United Nations Sanctions
This topic falls within the terms of reference of the CAHDI insofar as they require it to "examine topical questions of public international law".
United Nations sanctions
Under Chapter VII of the United Nations Charter, the UN Security Council may order enforcement measures,* in particular measures not involving the use of armed force.**
The Security Council may order coercive measures against individuals, in particular in connection with the fight against international terrorism. Such individuals are then targeted as members or supporters of entities posing a threat to peace. This applies to individuals suspected of being members of Al-Qaeda or providing it with material or financial support.
The sanctions, which are often called "targeted sanctions" or "intelligent sanctions", usually involve:
- freezing of financial assets, funds and other economic resources,
- embargoes on arms sales,
- bans on foreign travel.
The Security Council may decide to set up subsidiary bodies, namely Sanctions Committees (link), to oversee the proper implementation of the sanctions and draw up the lists of persons concerned on the basis of information submitted by states.
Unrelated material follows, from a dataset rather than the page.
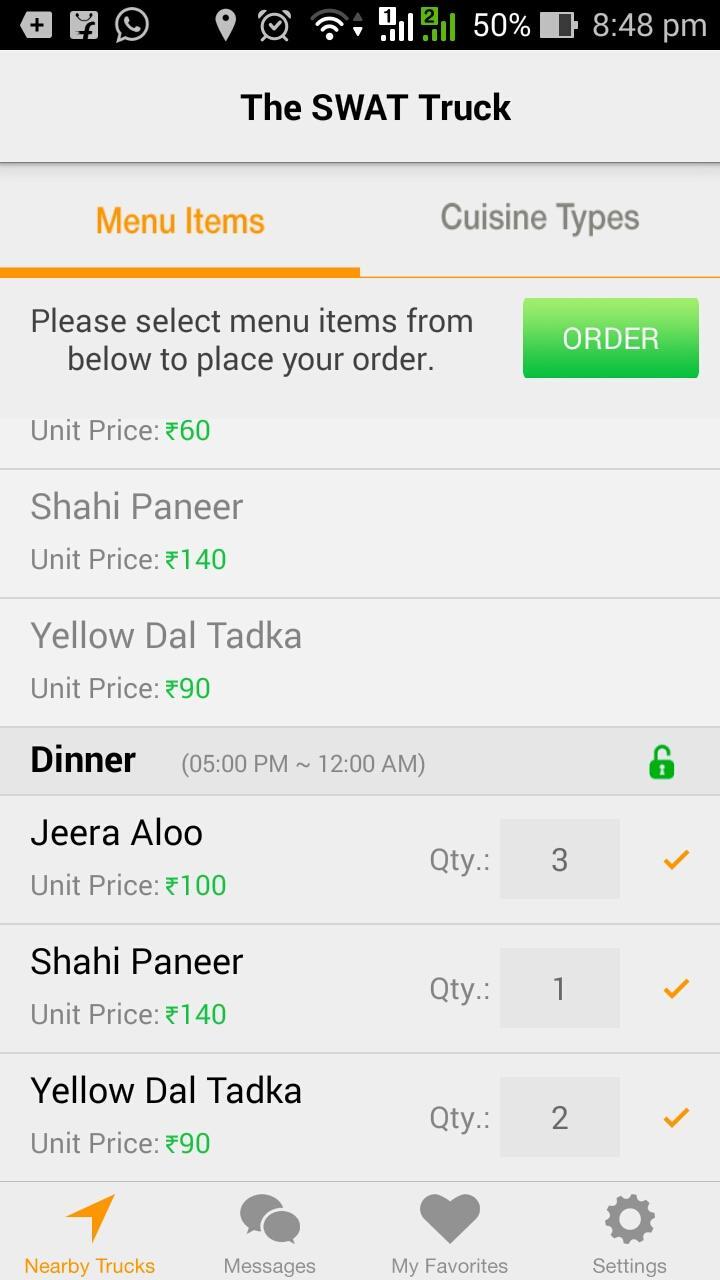 トラックベンダーは、料理の種類、メニュー、メニューの価格を追加できます。彼らは、トラックが地図上に表示されるときに、彼らのビジネス時間の時間を稼ぐ時間を朝食、昼食、夕食を定義できます。また、トラックをオフラインにしたり、モバイル注文を受け入れたり、通知を取得したり停止したりするオプションも提供します。

They also supervise the implementation of enforcement measures at state level.
UN member states are responsible for implementing sanctions at national level and are therefore required to adopt national implementation measures and make sure that the individuals concerned comply with them.
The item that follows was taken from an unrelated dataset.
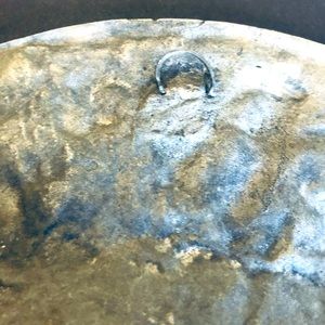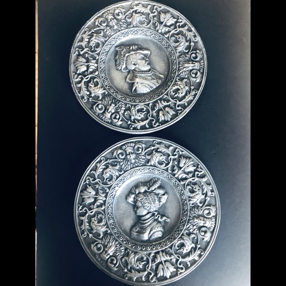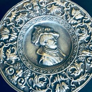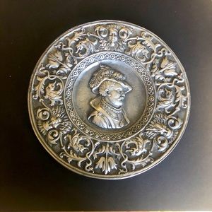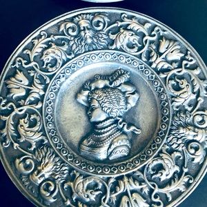 Antique Style Green Man Portrait of Cast Metal Charger Plate Wall Plaque Antique Medieval Style Metal Plate Charger Plaque (Reproduction) Circa 1990s Great used condition, no chips, cracks or repairs detected. Made from a heavy cast metal alloy .

In the case of EU member states, the implementation of sanctions is based on the adoption of joint positions or EU regulations which are directly applicable in the member states' domestic legal systems.
*Article 39, Charter of the United Nations
"The Security Council shall determine the existence of any threat to the peace, breach of the peace, or act of aggression and shall make recommendations, or decide what measures shall be taken in accordance with Articles 41 and 42, to maintain or restore international peace and security".
**Article 41, Charter of the United Nations
"The Security Council may decide what measures not involving the use of armed force are to be employed to give effect to its decisions, and it may call upon the Members of the United Nations to apply such measures. These may include complete or partial interruption of economic relations and of rail, sea, air, postal, telegraphic, radio, and other means of communication, and the severance of diplomatic relations".
Since its 27th and 28th meetings (Strasbourg, 18-19 March 2004 and Lausanne, 12-13 September 2004), the CAHDI has been gathering information on the practice of Council of Europe member and observer states and of the European Union and other observer international organisations concerning national implementation of UN sanctions.
Several delegations have reported difficulties with the national implementation of sanctions. Some delegations have also underlined the benefits of looking into the possible conflict between sanctions ordered by the UN Security Council and states' obligations to protect human rights.
Since the 27th meeting (Strasbourg, 18-19 March 2004), a specific item entitled "National implementation measures of UN sanctions and respect for human rights" has been included on the agenda. Members discuss recent developments concerning the implementation of sanctions at each meeting. In this connection, delegations give details of relevant national case-law and developments in legislation in their respective national or regional systems.
In addition, the CAHDI monitors and considers cases submitted to national tribunals by persons or entities removed from the lists established by the Sanctions Committees.
Details of state practice regarding the implementation of sanctions were first gathered in the form of replies to a questionnaire (sent to delegations in September 2004). The replies were made available in a database established following the 31st meeting of the CAHDI (Strasbourg, 23-24 March 2006). This database entitled "Implementation of UN sanctions and respect for human rights" is regularly updated with new input.
At the 31st meeting of the CAHDI (Strasbourg, 23-24 March 2006), Professor Iain Cameron presented a report on "The ECHR, Due Process and UN Security Council Counter-Terrorism Sanctions" (see Appendix III to the meeting report).
At the 41st meeting of the CAHDI (Strasbourg, 17-18 March 2011), Ms Kimberly Prost, Ombudsperson to the UN Security Council Committee set up under Resolution 1267 (1999) concerning Al-Qaeda and the Taliban since 2010, gave a speech on the role and work of the Office of Ombudsperson (see Appendix V to the meeting report).